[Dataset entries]
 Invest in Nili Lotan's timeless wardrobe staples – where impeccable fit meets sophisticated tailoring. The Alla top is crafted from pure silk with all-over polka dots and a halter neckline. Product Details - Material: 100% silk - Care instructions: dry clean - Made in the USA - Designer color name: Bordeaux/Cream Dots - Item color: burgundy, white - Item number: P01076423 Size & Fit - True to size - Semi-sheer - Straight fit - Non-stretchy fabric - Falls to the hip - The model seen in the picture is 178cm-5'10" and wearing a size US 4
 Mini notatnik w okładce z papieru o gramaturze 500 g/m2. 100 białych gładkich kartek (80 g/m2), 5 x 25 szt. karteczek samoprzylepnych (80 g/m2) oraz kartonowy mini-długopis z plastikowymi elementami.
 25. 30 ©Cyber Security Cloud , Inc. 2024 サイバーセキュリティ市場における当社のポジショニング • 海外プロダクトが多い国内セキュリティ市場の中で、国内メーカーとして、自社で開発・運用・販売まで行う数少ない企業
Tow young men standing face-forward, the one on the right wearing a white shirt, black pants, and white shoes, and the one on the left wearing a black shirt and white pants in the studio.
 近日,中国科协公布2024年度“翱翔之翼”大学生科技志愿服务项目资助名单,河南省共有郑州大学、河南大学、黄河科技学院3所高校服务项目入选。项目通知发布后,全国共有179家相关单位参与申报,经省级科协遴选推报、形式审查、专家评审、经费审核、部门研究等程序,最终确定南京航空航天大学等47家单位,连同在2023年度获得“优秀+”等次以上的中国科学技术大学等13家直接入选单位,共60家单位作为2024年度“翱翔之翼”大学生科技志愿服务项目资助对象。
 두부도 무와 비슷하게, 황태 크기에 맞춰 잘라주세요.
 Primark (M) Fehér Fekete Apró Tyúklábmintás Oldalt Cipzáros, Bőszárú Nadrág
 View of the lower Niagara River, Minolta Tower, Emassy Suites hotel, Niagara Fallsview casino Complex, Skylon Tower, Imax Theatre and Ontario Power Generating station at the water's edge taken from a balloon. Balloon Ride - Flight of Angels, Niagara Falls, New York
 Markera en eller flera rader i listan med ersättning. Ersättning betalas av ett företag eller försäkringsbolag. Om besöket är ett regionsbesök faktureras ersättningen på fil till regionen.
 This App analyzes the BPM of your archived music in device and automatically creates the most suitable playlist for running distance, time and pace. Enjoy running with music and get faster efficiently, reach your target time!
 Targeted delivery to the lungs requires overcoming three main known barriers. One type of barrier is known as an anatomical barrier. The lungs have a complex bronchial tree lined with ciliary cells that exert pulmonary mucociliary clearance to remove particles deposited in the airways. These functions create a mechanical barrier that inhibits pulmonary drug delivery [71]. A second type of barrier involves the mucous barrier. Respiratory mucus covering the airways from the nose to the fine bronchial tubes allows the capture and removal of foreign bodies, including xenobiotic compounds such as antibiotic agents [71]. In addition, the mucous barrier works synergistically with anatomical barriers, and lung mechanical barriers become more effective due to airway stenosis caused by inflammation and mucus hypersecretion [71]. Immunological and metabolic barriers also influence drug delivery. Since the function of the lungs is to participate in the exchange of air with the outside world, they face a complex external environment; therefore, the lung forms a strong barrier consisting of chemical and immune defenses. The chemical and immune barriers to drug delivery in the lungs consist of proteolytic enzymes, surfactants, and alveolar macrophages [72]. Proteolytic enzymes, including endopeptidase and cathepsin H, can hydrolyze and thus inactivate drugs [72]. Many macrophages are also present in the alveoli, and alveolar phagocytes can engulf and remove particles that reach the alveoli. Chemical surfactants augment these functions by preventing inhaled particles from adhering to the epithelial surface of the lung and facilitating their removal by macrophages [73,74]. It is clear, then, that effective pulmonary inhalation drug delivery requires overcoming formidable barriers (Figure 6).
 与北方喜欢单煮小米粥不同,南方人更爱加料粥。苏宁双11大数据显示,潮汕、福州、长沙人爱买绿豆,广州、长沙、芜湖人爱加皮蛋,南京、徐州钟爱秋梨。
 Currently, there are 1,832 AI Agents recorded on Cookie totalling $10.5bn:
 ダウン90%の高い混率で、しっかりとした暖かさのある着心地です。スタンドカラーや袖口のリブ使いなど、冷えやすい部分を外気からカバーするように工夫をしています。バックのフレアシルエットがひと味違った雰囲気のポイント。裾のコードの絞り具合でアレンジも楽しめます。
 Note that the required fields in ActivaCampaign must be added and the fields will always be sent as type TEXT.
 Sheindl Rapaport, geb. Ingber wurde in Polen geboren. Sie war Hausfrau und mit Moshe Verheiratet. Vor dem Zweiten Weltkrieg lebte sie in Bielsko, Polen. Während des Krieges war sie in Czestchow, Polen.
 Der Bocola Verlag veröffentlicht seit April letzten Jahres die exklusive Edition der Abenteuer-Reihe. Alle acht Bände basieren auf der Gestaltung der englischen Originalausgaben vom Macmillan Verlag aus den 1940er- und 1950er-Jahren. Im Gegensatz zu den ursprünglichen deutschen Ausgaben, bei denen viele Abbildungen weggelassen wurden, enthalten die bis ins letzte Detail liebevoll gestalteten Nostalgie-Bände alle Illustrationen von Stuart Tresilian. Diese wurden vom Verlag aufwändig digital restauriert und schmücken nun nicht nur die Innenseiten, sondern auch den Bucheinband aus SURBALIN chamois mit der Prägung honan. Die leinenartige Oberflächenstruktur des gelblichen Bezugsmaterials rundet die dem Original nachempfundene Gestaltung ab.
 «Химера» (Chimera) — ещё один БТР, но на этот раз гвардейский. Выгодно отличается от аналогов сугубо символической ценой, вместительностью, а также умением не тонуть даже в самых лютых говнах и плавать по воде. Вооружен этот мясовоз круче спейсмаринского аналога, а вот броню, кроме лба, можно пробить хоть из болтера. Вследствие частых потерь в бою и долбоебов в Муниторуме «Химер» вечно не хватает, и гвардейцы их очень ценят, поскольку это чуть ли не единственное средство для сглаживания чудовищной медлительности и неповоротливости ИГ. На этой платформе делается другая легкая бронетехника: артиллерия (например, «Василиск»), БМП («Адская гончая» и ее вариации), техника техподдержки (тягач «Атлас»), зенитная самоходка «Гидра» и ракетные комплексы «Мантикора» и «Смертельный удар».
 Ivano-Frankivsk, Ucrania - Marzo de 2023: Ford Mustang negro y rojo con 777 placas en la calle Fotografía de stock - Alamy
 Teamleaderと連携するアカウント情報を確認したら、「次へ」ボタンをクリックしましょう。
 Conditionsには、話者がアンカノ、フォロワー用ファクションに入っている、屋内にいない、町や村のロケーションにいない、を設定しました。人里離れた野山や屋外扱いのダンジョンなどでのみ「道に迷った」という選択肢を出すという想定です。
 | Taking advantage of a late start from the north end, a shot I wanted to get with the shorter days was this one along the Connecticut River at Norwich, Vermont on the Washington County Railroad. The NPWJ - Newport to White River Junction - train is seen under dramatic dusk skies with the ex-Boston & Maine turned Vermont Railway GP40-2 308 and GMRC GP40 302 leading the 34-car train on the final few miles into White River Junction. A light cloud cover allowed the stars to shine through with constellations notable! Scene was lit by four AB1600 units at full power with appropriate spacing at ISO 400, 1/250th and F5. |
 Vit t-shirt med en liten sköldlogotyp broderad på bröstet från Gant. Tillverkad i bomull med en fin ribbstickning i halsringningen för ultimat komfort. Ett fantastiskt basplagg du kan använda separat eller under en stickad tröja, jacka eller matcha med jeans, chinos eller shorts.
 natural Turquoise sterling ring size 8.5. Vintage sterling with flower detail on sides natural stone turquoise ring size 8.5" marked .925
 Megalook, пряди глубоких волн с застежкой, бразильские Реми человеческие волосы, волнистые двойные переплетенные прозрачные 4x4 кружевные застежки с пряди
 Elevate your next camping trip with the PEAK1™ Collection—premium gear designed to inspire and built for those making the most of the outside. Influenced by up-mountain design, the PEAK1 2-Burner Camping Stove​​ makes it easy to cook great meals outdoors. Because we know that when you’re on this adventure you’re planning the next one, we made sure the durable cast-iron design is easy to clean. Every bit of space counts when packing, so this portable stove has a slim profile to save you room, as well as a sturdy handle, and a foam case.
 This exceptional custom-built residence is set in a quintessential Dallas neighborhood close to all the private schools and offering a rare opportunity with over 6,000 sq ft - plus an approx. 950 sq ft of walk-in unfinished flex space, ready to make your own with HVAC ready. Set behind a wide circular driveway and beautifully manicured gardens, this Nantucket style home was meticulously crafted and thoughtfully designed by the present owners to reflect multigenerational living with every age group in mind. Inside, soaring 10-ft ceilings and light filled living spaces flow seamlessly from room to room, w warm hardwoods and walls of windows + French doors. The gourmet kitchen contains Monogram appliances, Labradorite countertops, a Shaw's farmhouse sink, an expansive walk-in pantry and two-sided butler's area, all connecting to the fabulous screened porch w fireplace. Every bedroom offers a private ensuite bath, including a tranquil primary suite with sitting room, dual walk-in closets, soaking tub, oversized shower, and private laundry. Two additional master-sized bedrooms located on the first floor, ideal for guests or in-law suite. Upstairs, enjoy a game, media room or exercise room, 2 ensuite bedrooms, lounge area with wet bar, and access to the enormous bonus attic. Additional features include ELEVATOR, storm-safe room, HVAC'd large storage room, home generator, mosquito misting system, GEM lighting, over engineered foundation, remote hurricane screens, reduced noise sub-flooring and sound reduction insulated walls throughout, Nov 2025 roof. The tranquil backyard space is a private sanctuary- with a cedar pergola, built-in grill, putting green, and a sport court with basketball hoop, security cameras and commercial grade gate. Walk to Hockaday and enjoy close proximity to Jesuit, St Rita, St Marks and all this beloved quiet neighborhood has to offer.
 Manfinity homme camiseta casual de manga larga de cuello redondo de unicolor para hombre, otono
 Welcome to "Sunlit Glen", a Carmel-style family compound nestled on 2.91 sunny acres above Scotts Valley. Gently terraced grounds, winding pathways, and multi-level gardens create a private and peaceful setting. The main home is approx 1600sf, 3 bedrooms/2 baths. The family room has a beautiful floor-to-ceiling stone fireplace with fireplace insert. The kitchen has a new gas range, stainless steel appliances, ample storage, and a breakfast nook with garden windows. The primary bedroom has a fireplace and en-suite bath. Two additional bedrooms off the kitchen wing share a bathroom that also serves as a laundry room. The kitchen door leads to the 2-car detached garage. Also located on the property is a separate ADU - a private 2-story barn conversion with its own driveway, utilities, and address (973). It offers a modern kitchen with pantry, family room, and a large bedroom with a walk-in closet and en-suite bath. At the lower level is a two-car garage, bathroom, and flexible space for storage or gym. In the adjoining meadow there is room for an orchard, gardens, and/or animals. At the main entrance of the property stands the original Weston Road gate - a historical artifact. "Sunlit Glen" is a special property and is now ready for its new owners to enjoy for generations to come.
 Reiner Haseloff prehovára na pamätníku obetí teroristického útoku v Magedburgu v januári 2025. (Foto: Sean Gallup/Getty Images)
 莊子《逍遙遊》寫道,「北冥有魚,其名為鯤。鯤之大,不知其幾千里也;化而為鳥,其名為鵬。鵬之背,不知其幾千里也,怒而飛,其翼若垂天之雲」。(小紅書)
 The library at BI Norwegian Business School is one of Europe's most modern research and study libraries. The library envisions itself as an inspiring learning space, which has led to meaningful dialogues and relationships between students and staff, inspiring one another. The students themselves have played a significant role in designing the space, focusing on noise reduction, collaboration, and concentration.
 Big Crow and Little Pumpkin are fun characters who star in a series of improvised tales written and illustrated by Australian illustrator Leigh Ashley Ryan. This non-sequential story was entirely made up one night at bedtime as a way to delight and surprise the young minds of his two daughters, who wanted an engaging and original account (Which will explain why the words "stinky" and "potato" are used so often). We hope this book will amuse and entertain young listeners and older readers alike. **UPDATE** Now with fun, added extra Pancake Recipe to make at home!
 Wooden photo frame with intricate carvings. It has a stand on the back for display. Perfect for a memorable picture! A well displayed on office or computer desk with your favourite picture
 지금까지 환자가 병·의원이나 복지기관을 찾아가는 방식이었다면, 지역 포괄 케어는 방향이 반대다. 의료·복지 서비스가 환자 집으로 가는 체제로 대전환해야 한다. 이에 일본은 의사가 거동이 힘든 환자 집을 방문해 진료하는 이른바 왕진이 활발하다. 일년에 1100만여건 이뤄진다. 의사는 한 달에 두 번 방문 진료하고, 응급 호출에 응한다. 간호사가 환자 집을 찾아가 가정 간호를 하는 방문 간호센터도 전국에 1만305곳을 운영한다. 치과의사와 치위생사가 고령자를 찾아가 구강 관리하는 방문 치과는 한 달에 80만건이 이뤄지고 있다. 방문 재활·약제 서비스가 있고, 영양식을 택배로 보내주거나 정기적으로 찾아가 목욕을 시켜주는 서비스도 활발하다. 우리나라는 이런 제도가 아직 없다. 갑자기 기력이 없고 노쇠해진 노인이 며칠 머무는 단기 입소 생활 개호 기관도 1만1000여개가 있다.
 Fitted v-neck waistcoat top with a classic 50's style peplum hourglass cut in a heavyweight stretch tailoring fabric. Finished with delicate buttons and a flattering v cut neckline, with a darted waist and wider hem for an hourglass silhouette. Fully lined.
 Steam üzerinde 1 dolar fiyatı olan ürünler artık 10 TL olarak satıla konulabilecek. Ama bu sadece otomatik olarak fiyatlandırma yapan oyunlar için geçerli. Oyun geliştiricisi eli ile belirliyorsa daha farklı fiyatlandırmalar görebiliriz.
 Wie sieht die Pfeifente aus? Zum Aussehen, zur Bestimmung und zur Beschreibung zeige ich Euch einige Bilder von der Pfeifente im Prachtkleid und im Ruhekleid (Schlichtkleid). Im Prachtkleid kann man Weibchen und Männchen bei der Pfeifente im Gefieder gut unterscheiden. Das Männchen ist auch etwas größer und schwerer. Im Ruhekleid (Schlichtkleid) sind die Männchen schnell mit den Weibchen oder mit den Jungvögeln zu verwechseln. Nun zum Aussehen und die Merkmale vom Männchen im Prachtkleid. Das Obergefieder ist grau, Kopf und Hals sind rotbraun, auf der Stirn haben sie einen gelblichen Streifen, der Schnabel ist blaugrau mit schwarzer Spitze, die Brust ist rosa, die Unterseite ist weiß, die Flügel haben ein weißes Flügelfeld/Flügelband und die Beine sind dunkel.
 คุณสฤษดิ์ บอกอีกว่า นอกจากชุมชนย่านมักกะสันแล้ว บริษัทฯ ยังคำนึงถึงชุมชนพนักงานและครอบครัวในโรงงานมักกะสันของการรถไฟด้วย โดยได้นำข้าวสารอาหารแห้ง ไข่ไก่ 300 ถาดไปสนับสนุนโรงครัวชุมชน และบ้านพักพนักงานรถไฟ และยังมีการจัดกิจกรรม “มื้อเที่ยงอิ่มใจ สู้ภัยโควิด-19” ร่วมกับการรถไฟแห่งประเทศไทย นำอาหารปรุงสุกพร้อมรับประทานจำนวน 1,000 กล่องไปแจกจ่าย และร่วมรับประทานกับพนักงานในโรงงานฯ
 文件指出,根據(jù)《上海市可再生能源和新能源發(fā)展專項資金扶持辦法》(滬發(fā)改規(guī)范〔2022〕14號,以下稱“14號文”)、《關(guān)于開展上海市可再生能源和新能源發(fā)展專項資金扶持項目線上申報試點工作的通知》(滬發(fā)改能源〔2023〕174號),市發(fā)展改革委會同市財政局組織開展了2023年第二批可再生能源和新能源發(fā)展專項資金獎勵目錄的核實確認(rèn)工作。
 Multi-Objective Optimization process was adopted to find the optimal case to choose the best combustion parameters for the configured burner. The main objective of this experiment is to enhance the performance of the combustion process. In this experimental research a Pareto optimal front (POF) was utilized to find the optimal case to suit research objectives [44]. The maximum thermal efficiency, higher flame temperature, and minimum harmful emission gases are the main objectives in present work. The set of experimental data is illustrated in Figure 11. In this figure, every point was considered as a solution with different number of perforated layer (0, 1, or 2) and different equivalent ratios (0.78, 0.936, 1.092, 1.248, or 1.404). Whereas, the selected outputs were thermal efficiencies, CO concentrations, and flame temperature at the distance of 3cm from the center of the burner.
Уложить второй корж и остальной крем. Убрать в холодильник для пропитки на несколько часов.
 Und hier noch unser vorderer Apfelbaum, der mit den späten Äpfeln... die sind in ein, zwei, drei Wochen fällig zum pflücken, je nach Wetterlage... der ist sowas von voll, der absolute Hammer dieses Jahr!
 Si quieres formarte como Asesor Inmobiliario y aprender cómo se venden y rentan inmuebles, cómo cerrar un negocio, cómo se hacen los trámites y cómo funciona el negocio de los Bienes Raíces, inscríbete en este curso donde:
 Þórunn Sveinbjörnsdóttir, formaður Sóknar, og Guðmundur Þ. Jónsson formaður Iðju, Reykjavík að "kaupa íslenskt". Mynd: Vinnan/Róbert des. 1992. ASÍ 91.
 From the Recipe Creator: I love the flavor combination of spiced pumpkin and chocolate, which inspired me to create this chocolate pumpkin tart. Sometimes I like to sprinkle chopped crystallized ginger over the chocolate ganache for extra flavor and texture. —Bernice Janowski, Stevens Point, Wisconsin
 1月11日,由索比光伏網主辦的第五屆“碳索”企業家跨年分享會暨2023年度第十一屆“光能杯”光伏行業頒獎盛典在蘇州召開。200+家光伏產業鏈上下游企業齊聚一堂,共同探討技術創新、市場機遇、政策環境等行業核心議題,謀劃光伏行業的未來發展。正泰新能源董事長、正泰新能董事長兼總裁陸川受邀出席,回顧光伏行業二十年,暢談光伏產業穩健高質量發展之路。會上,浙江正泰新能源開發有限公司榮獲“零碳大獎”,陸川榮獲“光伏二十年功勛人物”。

● PROBLEM TO WORK ON
Report the count of lines in the entries that contain "young". Nothing else should be given.

● EXERCISE ANSWER
2